* Source data

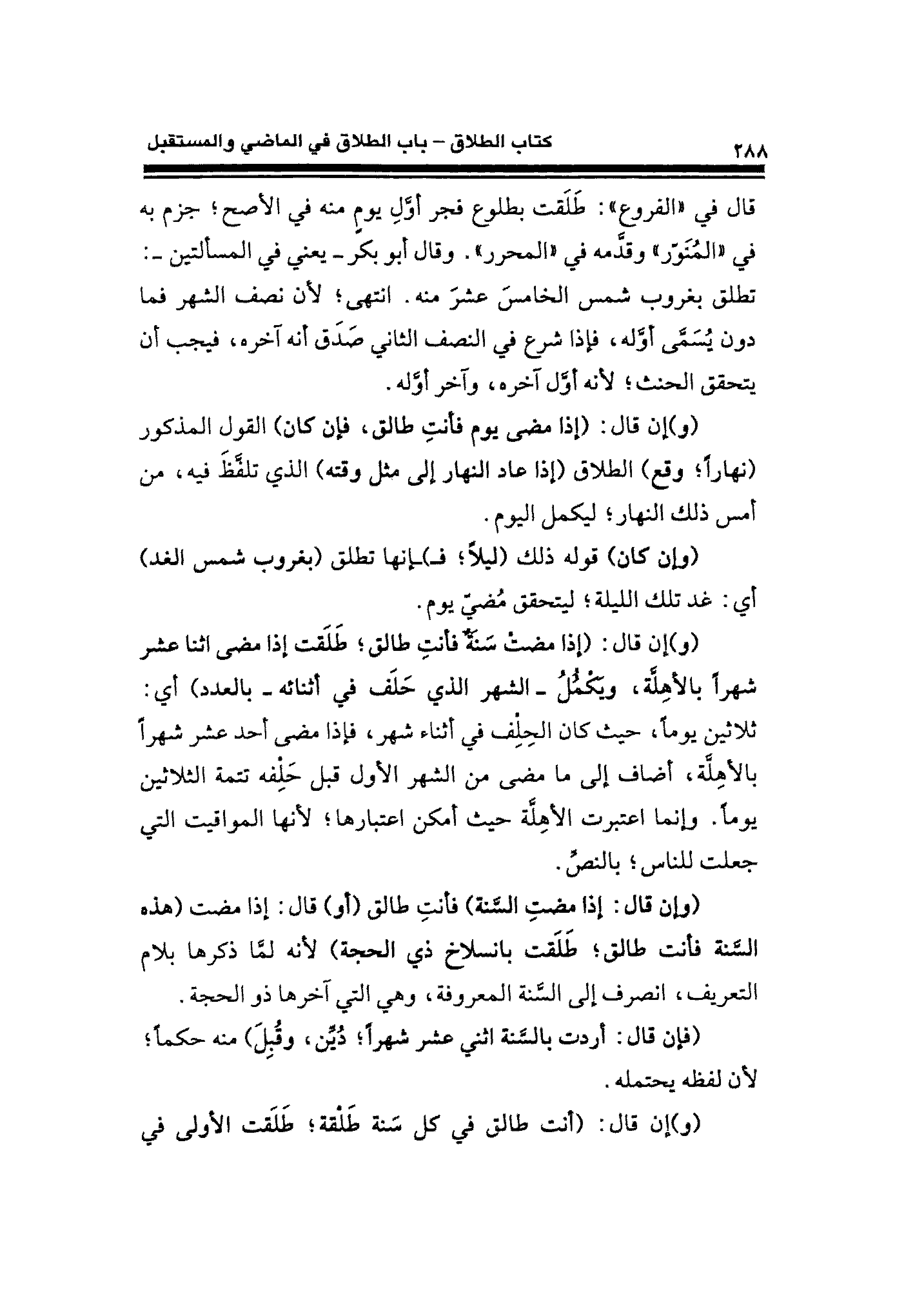 (وإن قال: إذا مضتِ السَّنة) فأنتِ طالق (أو) قال: إذا مضت (هذه السَّنة فأنت طالق؛ طَلَقت بانسلاخ ذي الحجة) لأنه لمَّا ذكرها بلام التعريف، انصرف إلى السَّنة المعروفة، وهي التي آخرها ذو الحجة.
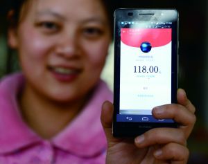 一位杭州市民在展示春节期间她手机收到的一个微信红包。新华社发
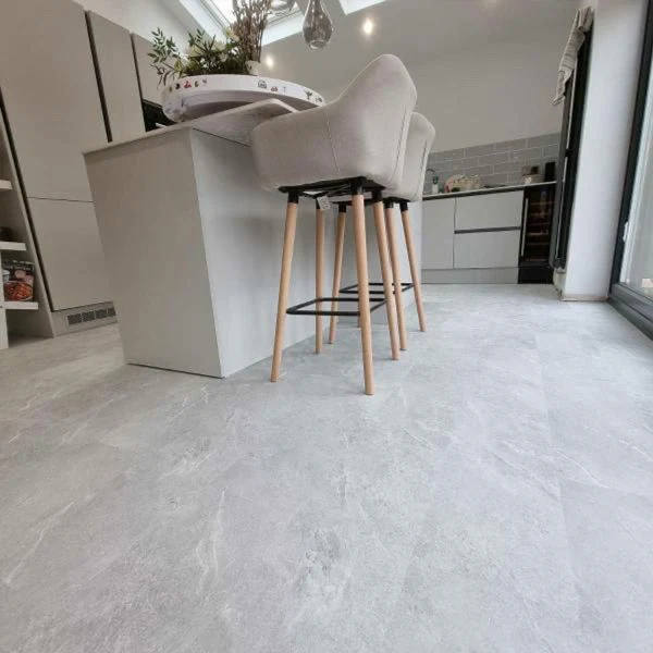 Naturelle Pale Grey Slate Tile SPC rigid core vinyl flooring offers a realistic slate look with durable, waterproof construction and easy click-lock installation for modern interiors.
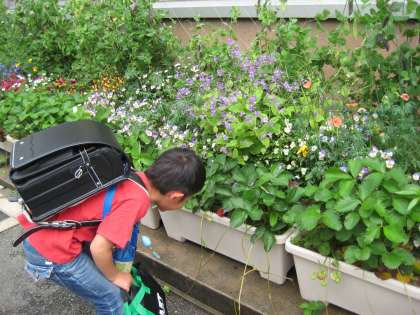 長い間降り続いた雨もやっと上がり,今日は4日ぶりにいい天気となりました。待ちかねたかのように運動場に飛び出してきた子どもたちで,朝休みの運動場はいっぱいです。花を見たり虫を探したりする姿も見られます。やっぱり雨の日より晴れた日の方が子どもたちには似合っています。
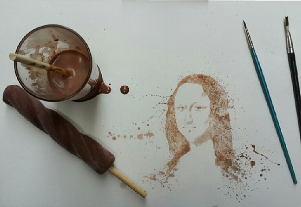 Δεν κάνει τίποτα διαφορετικό από αυτό που κάνουν οι ζωγράφοι. Ζωγραφίζει είτε σε χαρτί είτε σε καμβά, με πινέλα και για χρώματα έχει ... παγωτό.

* Problem to solve
Every line above between the one containing "一位杭州市民在展示春节期间她手机收到的一个微信红包。新华社发" and the one containing "長い間降り続いた雨もやっと上", those two included, is to be printed exactly. No pictures go into the copy.

* Output for this task
 一位杭州市民在展示春节期间她手机收到的一个微信红包。新华社发
 Naturelle Pale Grey Slate Tile SPC rigid core vinyl flooring offers a realistic slate look with durable, waterproof construction and easy click-lock installation for modern interiors.
 長い間降り続いた雨もやっと上がり,今日は4日ぶりにいい天気となりました。待ちかねたかのように運動場に飛び出してきた子どもたちで,朝休みの運動場はいっぱいです。花を見たり虫を探したりする姿も見られます。やっぱり雨の日より晴れた日の方が子どもたちには似合っています。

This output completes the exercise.